1799 Koussevitzky (prov. designation: ) is an asteroid of the Eos family from the outer regions of the asteroid belt, approximately 18 km in diameter. It was discovered on 25 July 1950, by astronomers at Indiana University during the Indiana Asteroid Program at Goethe Link Observatory in Indiana, United States. The K-type asteroid has a rotation period of 6.3 hours. It was named for Russian conductor Serge Koussevitzky.

== Orbit and classification ==

According to several HCM-analyses by Zappalà, Mothé-Diniz, as well as Milani and Knežević, Koussevitzky is a core member the Eos family (606), the largest asteroid family of the outer main belt consisting of nearly 10,000 asteroids. However, in a more recent HCM-analysis by Nesvorný, Koussevitzky is a non-family asteroid from the main belt's background population.

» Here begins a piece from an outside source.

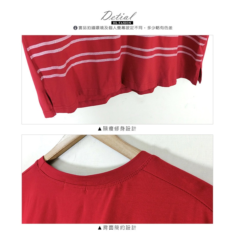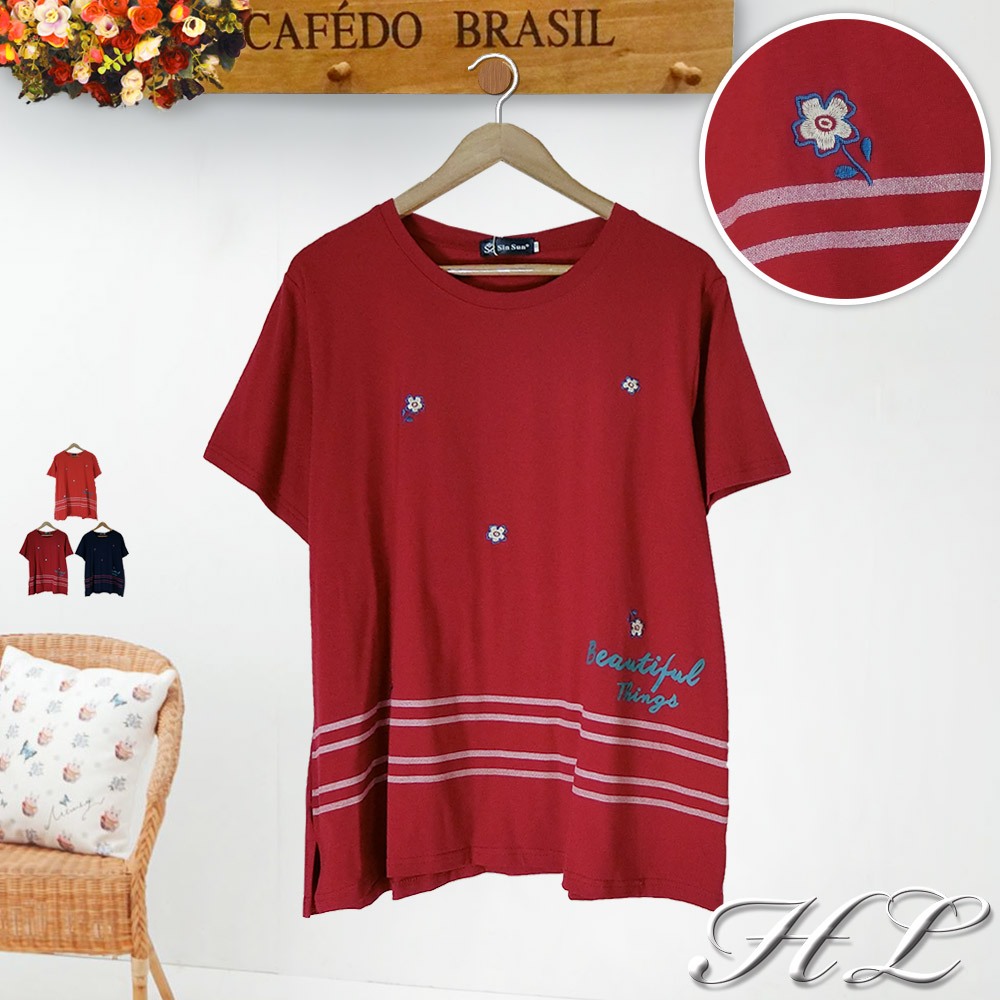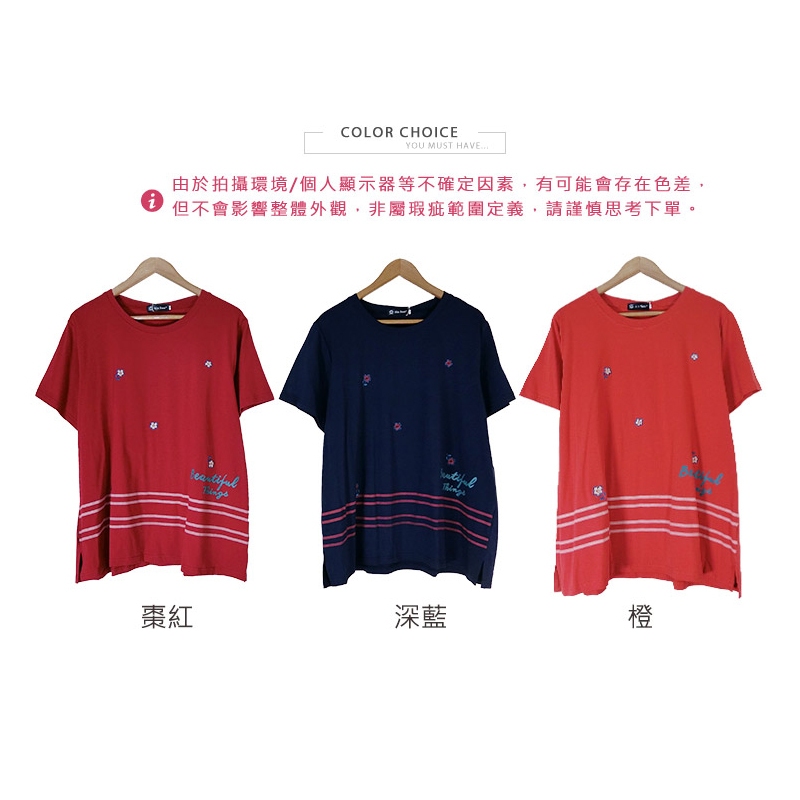 HL中大尺碼【25070081】甜妞小花橫條紋棉短袖上衣 3色48碼棗紅|48碼深藍|48碼橙T-shirtsHL中大尺碼

It orbits the Sun in the outer asteroid belt at a distance of 2.7–3.4 AU once every 5 years and 3 months (1,923 days; semi-major axis of 3.03 AU). Its orbit has an eccentricity of 0.12 and an inclination of 11° with respect to the ecliptic. The asteroid was first observed as at Simeiz Observatory in August 1929. The body's observation arc begins with its official discovery observation at Goethe Link in July 1950.

== Naming ==

This minor planet was named in memory of Russian-born Serge Koussevitzky (1874–1951), long-time music director and conductor of the Boston Symphony Orchestra. The asteroid's name was proposed by astronomer Frank K. Edmondson of Indiana University on the occasion of Serge Koussevitzky's centenary of the birth on 26 July 1974. The official was published by the Minor Planet Center on 1 January 1974 (M.P.C. 3569).

== Physical characteristics ==

In the SMASS classification, Koussevitzky is a stony K-type asteroid, typical for members of the Eos family. The asteroid has also been characterized as an L-type by Pan-STARRS.

=== Rotation period ===

In June 2013, a rotational lightcurve of Koussevitzky was obtained from photometric observations by Brian Warner at the Palmer Divide Station in California. Lightcurve analysis gave a well-defined rotation period of 6.318±0.005 hours with a brightness variation of 0.40 magnitude (U=3). Alternative period determinations of 6.325, 6.328 and 6.329 hours were made by astronomers at the University of Iowa using its Rigel Telescope at the Iowa Robotic Observatory in Arizona, by French amateur astronomer René Roy, and by staff members of the Palomar Transient Factory in California, respectively (U=x2/3-/2).

=== Diameter and albedo ===

According to the surveys carried out by the Infrared Astronomical Satellite IRAS, the Japanese Akari satellite and the NEOWISE mission of NASA's Wide-field Infrared Survey Explorer, Koussevitzky measures between 17.88 and 23.26 kilometers in diameter and its surface has an albedo between 0.1426 and 0.241. The Collaborative Asteroid Lightcurve Link derives an albedo of 0.1506 and a diameter of 18.82 kilometers based on an absolute magnitude of 11.3.